> [Work instruction]:
An exact reproduction is required of the lines from the beginning of the entries through the line with "Za stanovima i", pictures excluded and nothing added.

[Dataset entries]
▼

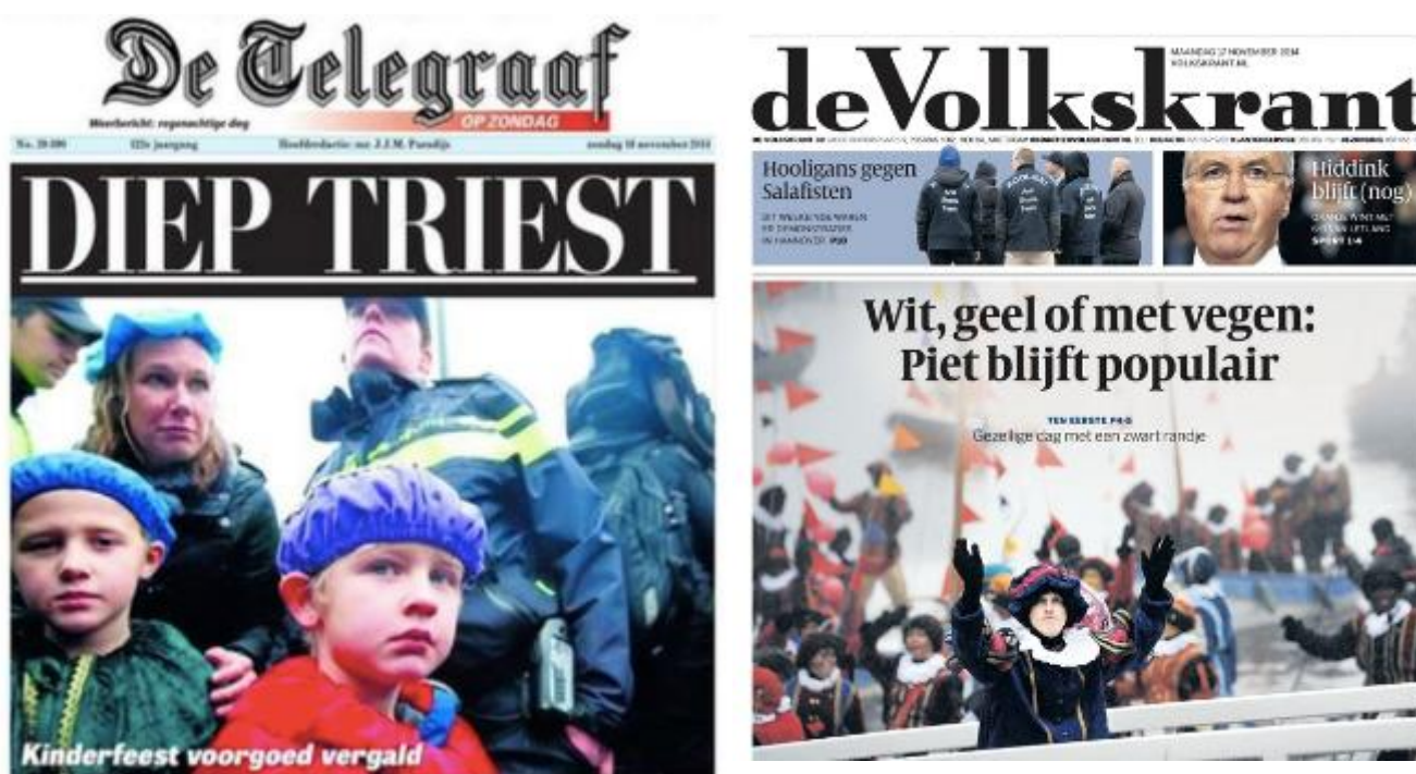
Figuur 1 Verschillende frames om dezelfde Sinterklaasintocht te beschrijven: de voorpagina's van De Telegraaf en de Volkskrant na de Sinterklaasintocht in november 2014.

Kwalitatief framingonderzoek naar frames in het publieke debat en publieke uitingen van gemeenten en bedrijven naar aanleiding van het debat over Zwarte Piet in 2013 en 2014
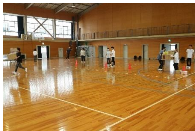
クラスマッチ(各学期)

1学期のクラスマッチは生徒会の企画した競技を、全学年で4チームに分かれて実施しました。
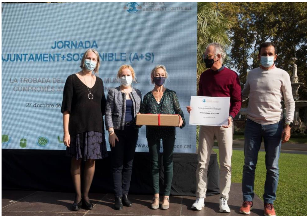
Foto lliurament premis

https://ec.europa.eu/environment/gpp/pdf/news_alert/Issue_99_Case_Study_186_Barcelona.pdf
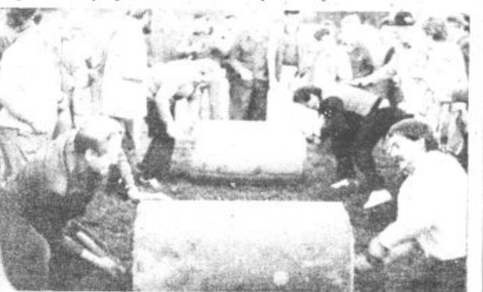
Pri razbijanju betonskih cevi je bila najboljša Žarova, druga Za gradom, tretji je bil Stari trg in zadnja Partizanska.

milijonov dinarjev, v razliko med dejanskimi stroški in vrednostjo projekta pa sodijo neevidentirana dela, iznajdljivost, inovacije in organizacijski učinki posameznikov, ki so bili v ospredju izvajanja toplifikacije.
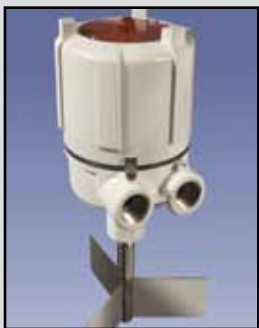
MAXIMA+ Indicador Rotativo

Requisitos de Energía: 24/115/230 VAC, 50/60 Hz, 24/12 mA VCC, 60/35 Contactos de Salida: DPDT de 10 amperios, 250 VAC Temperatura Ambiente de Funcionamiento: -40°F a +185°F (-40°C a +85°C) Proceso de Temperatura: Hasta +400°F (204°C) Presión: 1/2 micrones, 30 PSI Aprobaciones y Certificaciones: CSA/US Clase I, Grupos C y D y Clase II, Grupos E, F y G Ex II 2G 1D Ex d IIB T5 Ex tD A20 IP66 T93C (Ta = -20C to +85C) Tipo de Cobertura/Caja: NEMA 4X, 5, 7, 9 y 12 Caja: Aluminio fundido, aprobada por el USDA en acabado en polvo capa Montaje: 1-1/4 "NPT Conexiones de los Conductos: 3/4 "NPT Eje y Componentes: Acero inoxidable
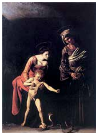
12. Madona su gyvate. 1605 m. Dail. Michelangelo Merisi da Caravaggio. Bordžijų galerija Romoje.
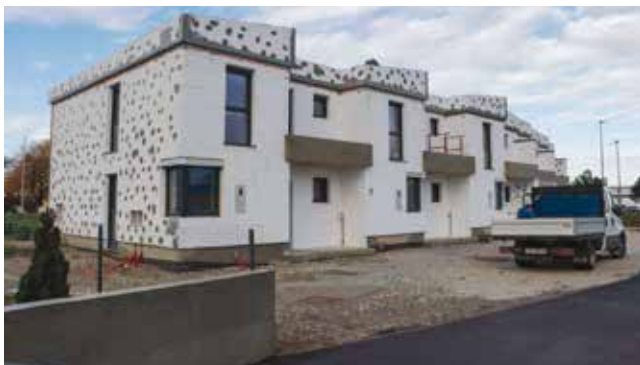
Za stanovima i kućama u Ivancu vlada velika potražnja

–Stanova nema dovoljno, a vlada i velika potražnja za kućama. Cijene stambenih kvadrata su visoke, približile su se prosječnim cijenama u Varaždinu. Zbog velike potražnje intenzivirane su poduzetničke inicijative, pa je tako u Ivancu i užoj okolici u tijeku ili je već završila gradnja više stambenih i stambeno-poslovnih objekata. Još nekoliko poduzetnika najavilo je gradnju novih objekata na više lokacija u Ivancu. Zbog velikog uvoza radne snage, i sami poslodavci su za potrebe smještaja stranih radnika otkupili kuće te u njima i u drugim prostorima uredili stambene prostore. Potražnja za stambenim prostorom i nekretninama i dalje raste.
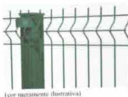
(cor numerada) (ilustrativa)

Os postes terão entre 2,00m e 2,08m, serão de 40x60 mm com espessura de 1,25 mm, espaçados a cada 2,50 metros, chumbados nas esperas da viga baldrame. Serão de aço galvanizado com pintura eletrostática e revestimento de poliéster. Com 05 fixadores por poste. Para evitar o acúmulo de água dentro do tubo, deverá ser usado um "cap" plástico, conforme a mostrado abaixo. Deverão ser instalados ao centro da viga de baldrame, totalizando 10cm de distância dos pilares da passarela, conforme indicado em projeto, permitindo o deslize do portão para dentro do cercamento.
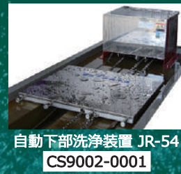
自動下部洗浄装置 JR-54 CS9002-0001
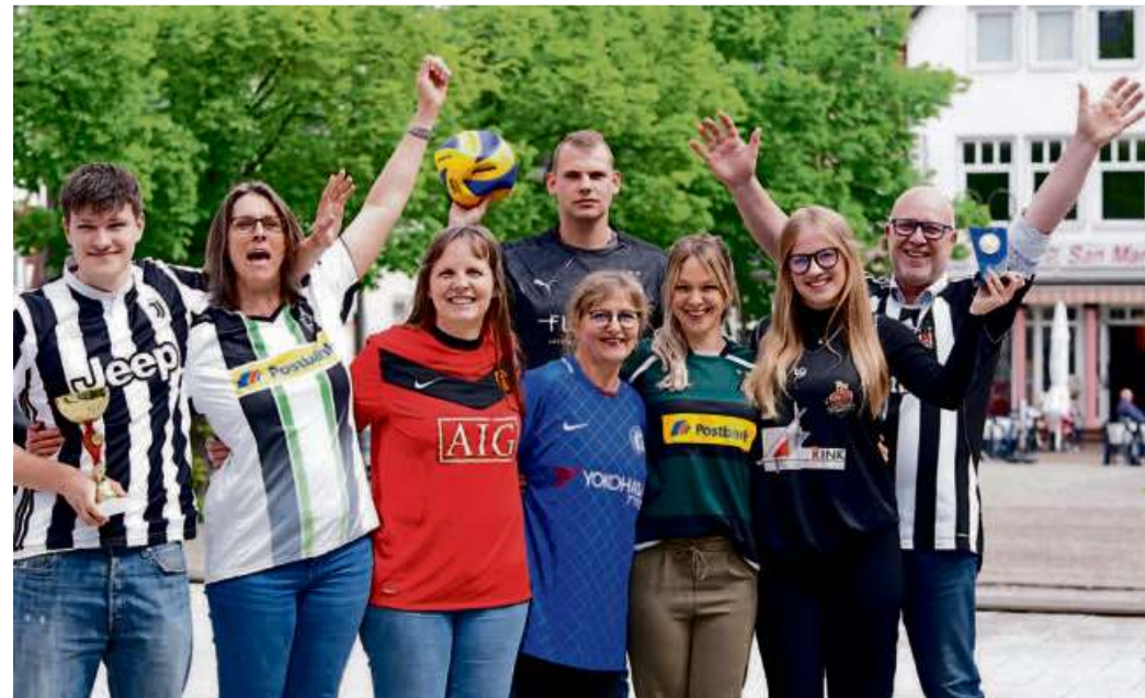
Am 13. Mai dürfen auch in den Büros Trikots getragen werden.

auf eine Mitarbeiterin oder einen Mitarbeiter trifft, der stolz sein Vereinstrikot präsentiert. Gemeinsam mit dem Landessportbund Hessen und dem Sportkreis Lahn-Dill ruft der Lahn-Dill-Kreis zum Mitmachen beim bundesweiten #Trikottag am Dienstag auf. „Wir laden an diesem Tag die über 100.000 Sportvereinsmitglieder im Lahn-Dill-Kreis dazu ein, Flagge für ihren Verein zu zeigen – ganz einfach, indem sie ihr Vereinstrikot, ihr Vereinsshirt oder ihre Trainingsjacke überstreifen und die Farben des eigenen Vereins stolz präsentieren“, sagt Landrat Carsten Braun und betont: „Sportvereine sind ein wertvoller Teil unserer Gesellschaft. Sie verbinden Menschen, fördern Gesundheit, vermitteln Werte und leisten einen wichtigen Beitrag zu Integration und Inklusion. Am Trikottag wollen wir ihre Arbeit feiern und sichtbar machen.“ Ziel ist, zu zeigen, wie vielfältig der Vereinssport ist, wie viele Menschen er erreicht und auch, welche wichtigen gesellschaftli-
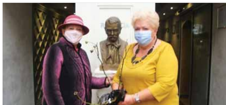
Sadenice vyšľachtenej ruže Hviezdoslav odovzdali matičiari zo Spišskej Novej Vsi aj vedeniu hotela pod týmto názvom v Kežmarku, kde P. Országh býval počas študentských rokov.
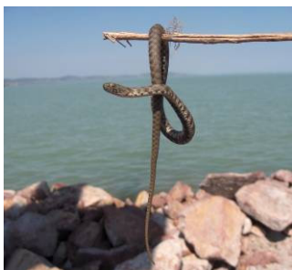
Sikló akasztva

Kakukk szól, éles hangja csendre vár. Az eső eláll, vihar nem csendesül, villámok csapkodnak mindenfelől, széltől ágak megszáradnak, nagy a kár... Félelmetes mennydörgés után lecsap a villám, száraz gallyak lángja lobban, és terjed, fák közt a tűzláng felcsap, ég az erdő, földre ér a tüzes ág... s ropogó tűzvészben nagyot koppan. Félve menekül – most nem vadászik, veszélyt lát – sebesen fut minden állat, megfeszítve reszkető izmaikat, – most a kígyók se jelentnek veszélyt, földön kúsznak, – a farkas sem vadászik.
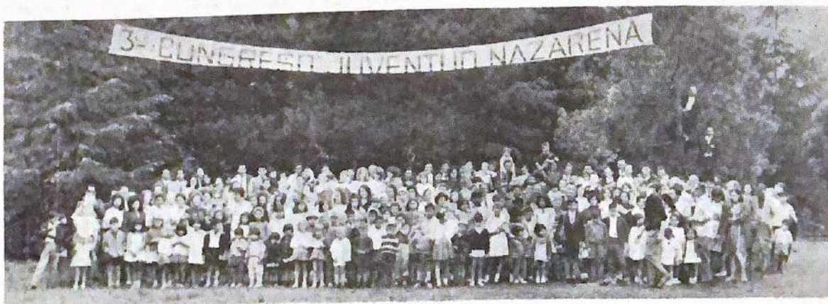
Vista general de los asistentes a la concentración.

Sin lugar a dudas este congreso fue muy distinto a los demás, tanto que algunos al retirarse preguntaron: "¿Fue un congreso?"; claro que sí, fue el tercer congreso que dio lugar así a un cuarto congreso, que Dios mediante, la juventud de Mariano Acosta nos preparará para 1966.
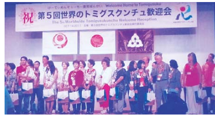
国際交流を進展させましょう

答 企画部長 本市の観光振興計画の必要性は高まっていると認識しており、観光振興計画の策定に向けた取り組み
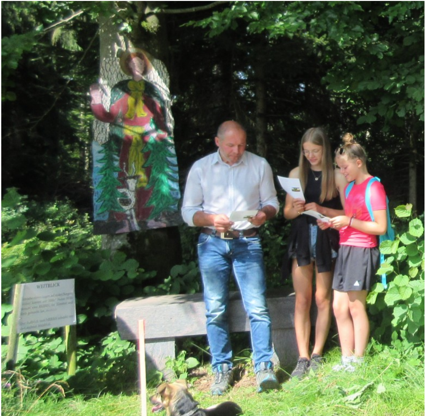
“Geh aus mein Herz und suche Freud” Liedstrophen von Paul Gerhard
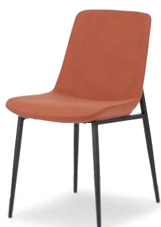
OC-543 (F26) OR
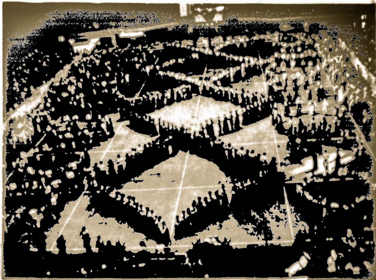
Valdas ir penktosios tautinių šokių šventės.
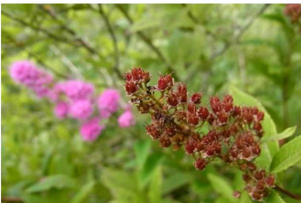
8/25 ホザキシモツケ(小田代原)
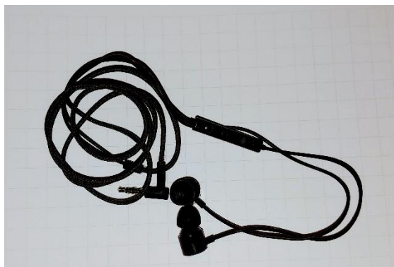
Headset mit Klinkenstecker (Kopfhörer mit Mikrofon)
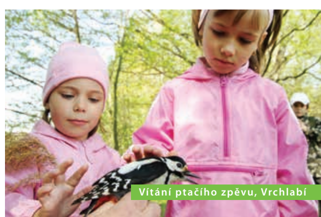
Vítání ptačího zpěvu, Vrchlabí

Rej velikonočních masek, chůdařů, akrobatů a bohatá pomlázka v centru města. Víkend nabitý společenskou zábavou a sportovními zážitky pro širokou veřejnost. Špindlerův Mlýn, www.mestospindleruvmlyn.cz
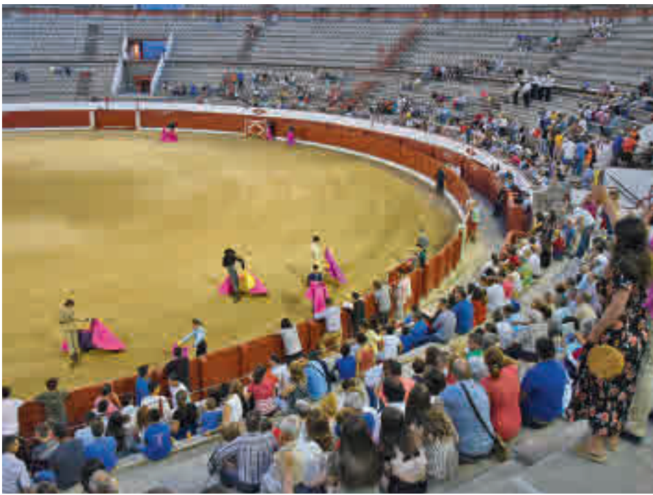
Imagen de anteriores ediciones
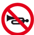
B-29 – Zakaz używania sygnałów dźwiękowych
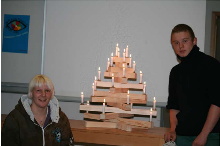
Kundenaufträge werden stolz vorgestellt

Ein guter Teil der Jugendlichen ist offenbar begeistert davon, vieles lernen zu können, ohne auf der Schulbank sitzen zu müssen. Würden sie sich sonst in der Mittagspause ihre „Kundenaufträge“ mit ziemlichem Stolz vorstellen?
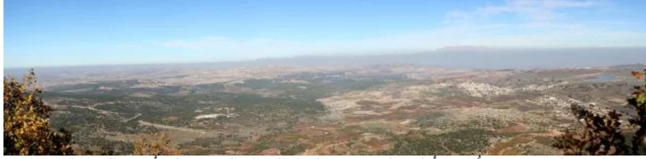
صفصاف: منظر عريض رائع أخذ من أعلى جبل ميرون في الإتجاه الشمالي الشرقي وتظهر أراضي الصفصاف، جيش، وبركة الجش لليسان، أنقر الصورة لتكبيرها
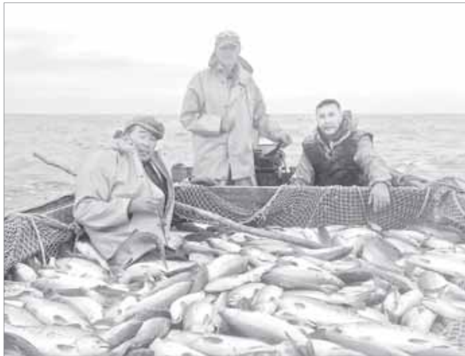
За два месяца путины каждый рыбак-общинник зарабатывает до 200 тысяч рублей

Я специально интересовалась результатами работы в путину 2014 года у председателя совета родовых хозяйств и общин. Тогда на рыбалке толь-
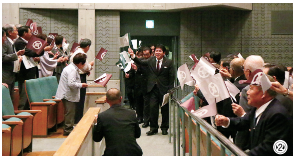
島原市・幸田町 姉妹都市提携書

10月11日(水)、幸田町で初めてとなる姉妹都市の提携を長崎県島原市と結びました。調印式は町民会館つばきホールと島原市有明総合文化会館で同日同時刻に開催。両会場をインターネットでつなぎ、ライブ中継でお互いの会場の様子をスクリーンに映し出して行いました。また、肥前島原子ども狂言と中央小学校三河万歳クラブによる「七福神の舞」が披露され、末永い友好交流の主役となる子ども同士の交流を行いました。
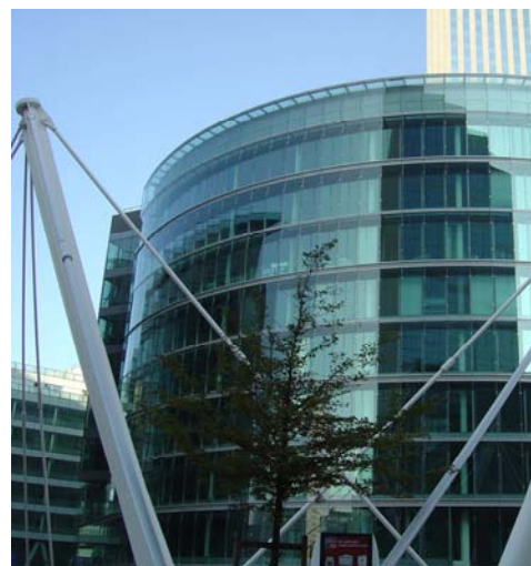
Le Siège d'Experian à Paris La Défense
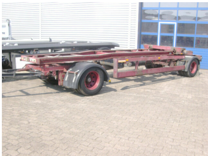
EGGERS HWT 18ZRL/1S EGGERS 2-A-Abrollanhänger, 7,5m Cont. Schlitten

Preis (brutto): 3.451,00 € Gesetzl. MwSt. 19%: 551,00 €
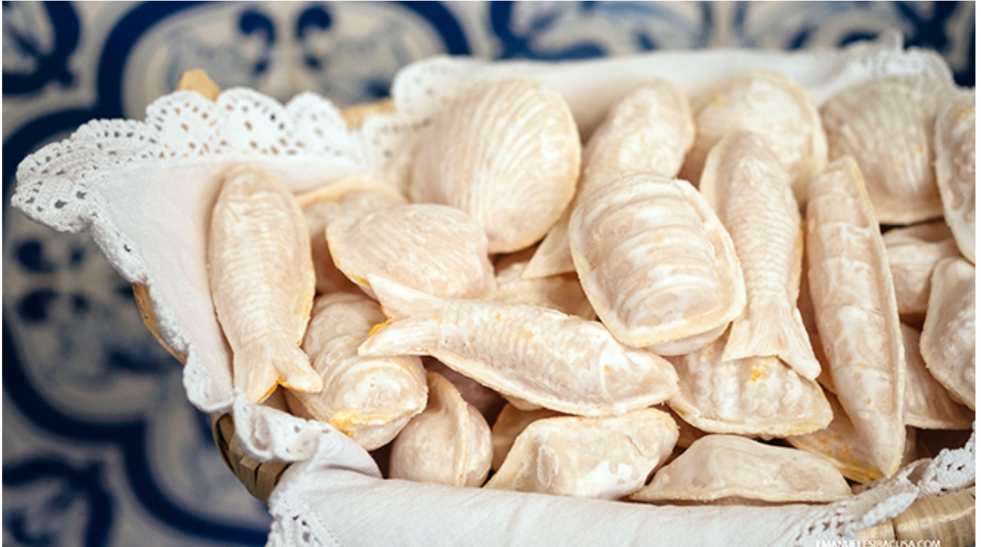
Ovos Moles de Aveiro

アヴェイロの訪問中に是非、オヴォシュ・モーレシュ[ovos moles](卵黄と砂糖を混ぜ合わせて作ったお菓子)で有名な修道院の菓子店など、現地の美食や地域ならではの名物もお楽しみください。オヴォシュ・モーレシュは街全体にある菓子屋でも販売しています。
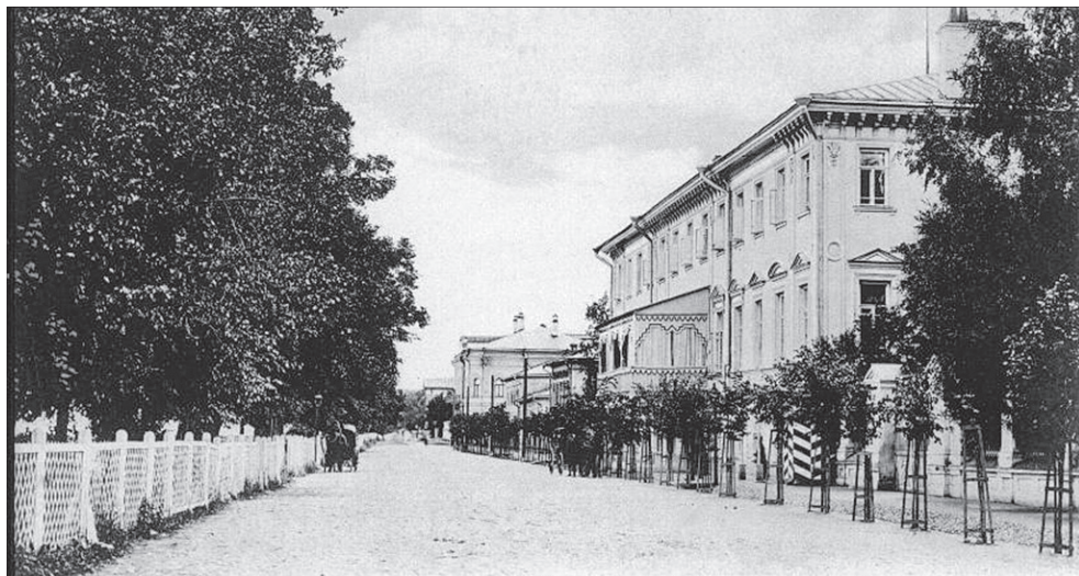
В Губернаторском доме в прошлом веке губернаторы и жили, и работали.
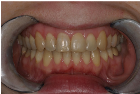
Abb. 3 Nachher: Idealisierung der Zahnstellung und Zahnform bei einer erwachsenen Patientin durch kieferorthopädische Behandlung
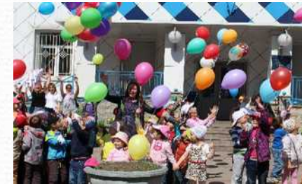
Участие во Всероссийском флешмобе «Должны смеяться дети» (1 июня 2015 г.)
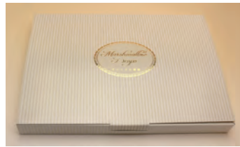
マシュマロ電報パッケージ
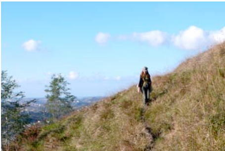
Panorámica de todo el territorio (Enekuri- Artxanda).

Una primera sesión de dos horas en el municipio de Getxo de contacto con el grupo facilitando algunas de las claves para el transcurso de la actividad.
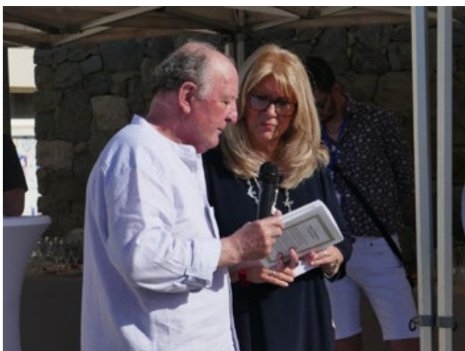
Hommage au peintre Chisa
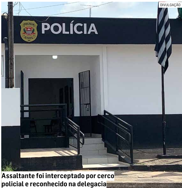
Assaltante foi interceptado por cerco policial e reconhecido na delegacia

O suspeito permaneceu preso e ficou à disposição da Justiça para audiência de custódia.

▲

> [Your solution]:
Figuur 1 Verschillende frames om dezelfde Sinterklaasintocht te beschrijven: de voorpagina's van De Telegraaf en de Volkskrant na de Sinterklaasintocht in november 2014.

Kwalitatief framingonderzoek naar frames in het publieke debat en publieke uitingen van gemeenten en bedrijven naar aanleiding van het debat over Zwarte Piet in 2013 en 2014
クラスマッチ(各学期)

1学期のクラスマッチは生徒会の企画した競技を、全学年で4チームに分かれて実施しました。
Foto lliurament premis

https://ec.europa.eu/environment/gpp/pdf/news_alert/Issue_99_Case_Study_186_Barcelona.pdf
Pri razbijanju betonskih cevi je bila najboljša Žarova, druga Za gradom, tretji je bil Stari trg in zadnja Partizanska.

milijonov dinarjev, v razliko med dejanskimi stroški in vrednostjo projekta pa sodijo neevidentirana dela, iznajdljivost, inovacije in organizacijski učinki posameznikov, ki so bili v ospredju izvajanja toplifikacije.
MAXIMA+ Indicador Rotativo

Requisitos de Energía: 24/115/230 VAC, 50/60 Hz, 24/12 mA VCC, 60/35 Contactos de Salida: DPDT de 10 amperios, 250 VAC Temperatura Ambiente de Funcionamiento: -40°F a +185°F (-40°C a +85°C) Proceso de Temperatura: Hasta +400°F (204°C) Presión: 1/2 micrones, 30 PSI Aprobaciones y Certificaciones: CSA/US Clase I, Grupos C y D y Clase II, Grupos E, F y G Ex II 2G 1D Ex d IIB T5 Ex tD A20 IP66 T93C (Ta = -20C to +85C) Tipo de Cobertura/Caja: NEMA 4X, 5, 7, 9 y 12 Caja: Aluminio fundido, aprobada por el USDA en acabado en polvo capa Montaje: 1-1/4 "NPT Conexiones de los Conductos: 3/4 "NPT Eje y Componentes: Acero inoxidable
12. Madona su gyvate. 1605 m. Dail. Michelangelo Merisi da Caravaggio. Bordžijų galerija Romoje.
Za stanovima i kućama u Ivancu vlada velika potražnja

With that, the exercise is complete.